Having read this short novel by Alejo Carpentier in Alfred Mac Adam's translation many years ago, I cockily told myself that I would be able to whip through it now in Spanish in a couple of nights. As it turned out, I made it about thirty pages in, then bogged down and decided to re-read the translation instead first before giving the original another stab.
Why the difficulty? I've plowed steadily through much longer books in Spanish than this one, which is barely over a hundred pages. Though the author was Cuban there's no Afro-Caribbean dialect issue to speak of; there's nothing comparable to the exuberance of Mexican regionalisms found in Elena Poniatowska's brilliant Hasta no verte Jesús mío, for example, or to the elaborate twists and turns of narrative perspective in Cortázar's novels and some of Vargas Llosa's. Maybe I just had too many distractions; in any case, the novel does present some obstacles to the reader, not insuperable ones to a native speaker, perhaps, but enough to make reading it a bit of a challenge. In Spanish or in translation (and Mac Adam's seems to be good), it repays persistence, though.
Carpentier told the critic Luis Harss that he had composed El acoso in imitation of sonata form, "with an introductory section, an exposition, three themes, seventeen variations, and a conclusion or coda." I tend to be skeptical of such claims (Milan Kundera has made similar statements) but in fact the narrative, the bulk of which consists of one long flashback, is framed within an evening's performance of Beethoven's "Eroica" symphony in a Havana concert hall, and probably should be read with that piece of music in mind.
The first character to whom we are introduced is an impecunious classical music buff who is employed as a ticket seller in the concert hall. As he sits in his booth a patron rushes in, flings down a bill many times more than sufficient for even the most expensive seat, and hurries into the hall, closely pursued by two other men. Pocketing the bill (which may or not be genuine), the ticket seller goes for a stroll, calls on a prostitute of his acquaintance, and returns, at the end of the book, in time for the final notes of the performance — and for the brief, violent aftermath of the opening incident. It is the figure he sees fleeing into the hall who will dominate the long central section of the novel. A native of the provinces, this man has incorporated himself into some kind of vaguely outlined revolutionary cell, but ideological purity has degenerated into betrayal and murder-for-hire and he is now a marked man. As we follow the series of steps that lead him to the concert hall events that were narrated in the book's first pages take on new significance.

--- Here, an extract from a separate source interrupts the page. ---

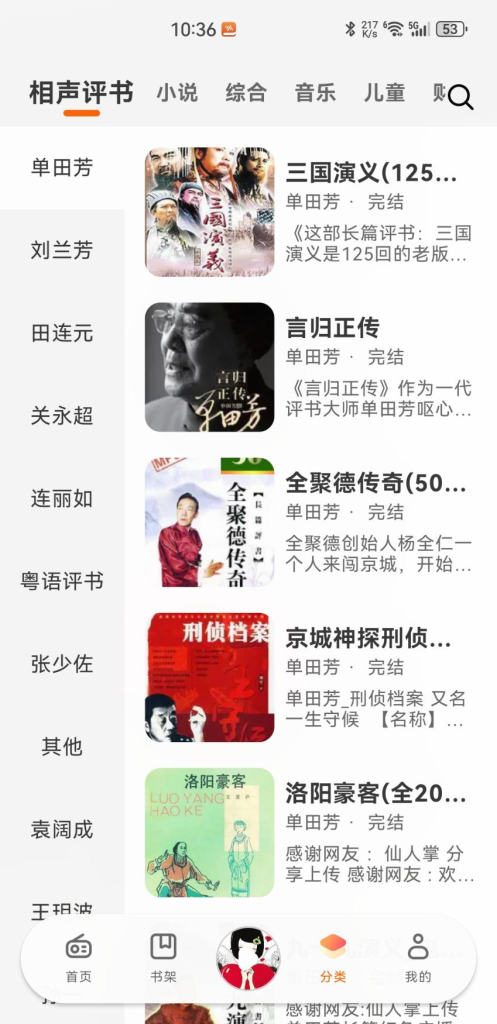 软件内置庞大书源库,涵盖了各种题材的作品,不仅有相声评书和有声书,还有脱口秀、电台、历史、校园等类型的内容。更有独家优质资源,囊括某雅和某懒的听书资源,全部免费听!

Carpentier's vocabulary is rich ("baroque" was a word he himself used to define the character of his writing), but the greater challenge is posed by the fact that the reader often doesn't know — and isn't yet supposed to know — exactly what is happening. One section, for instance, begins, in Mac Adam's version, as follows; the ellipses and parenthesis are in the original:
(... this pounding that elbows its way right through me; this bubbling stomach; this heart above that stops beating, piercing me with a cold needle; muffled punches that seem to well up from my very core and smash on my temples, my arms, my thighs; I breathe in gasps; my mouth can't do it; my nose can't do it; the air only comes in tiny sips, fills me, stays inside me, suffocates me, only to depart in dry mouthfuls, leaving me wrenched, doubled over, empty; and then my bones straighten, grind, shudder; I stand above myself, as if hung from myself, until my heart, in a frozen surge, lets go of my ribs so that it can strike me from the front, below my chest; I have no control over this dry sobbing; then breathe, concentrating on it; first, breathe in the air that remains; then breathe out, now breathe in, more slowly; one, two, one, two, one, two ... The hammering comes back; I am shaking from side to side; now sliding down, through all my veins; I am smashing at the thing holding me in place; the floor is shaking with me; the back of the hair is shaking; the seat is shaking, giving a dull push with each shudder; the entire row must feel the tremor;And so on and so on. It's only gradually that we realize that this passage is being told from the point-of-view of the man who has fled into the concert hall; we won't understand why he is there, or why his thoughts are frantically racing, for many more pages. Carpentier professed a disdain for "the little psychological novel" and a preference for the "big themes" of historical and social processes; perhaps the fracturing of perspective here is conducive to that more analytical, even didactic approach. El acoso was first published in 1956; since then its technical innovations have been widely borrowed and extended by other writers, but it still retains its nervy intensity.
Alejo Carpentier's description of the musical structure of The Chase, as well as his comments on the psychological novel, are quoted in Harss and Dohmann's landmark Into the Mainstream: Conversations with Latin-American Writers, which includes a respectful but sharply critical evaluation of the Cuban novelist's work.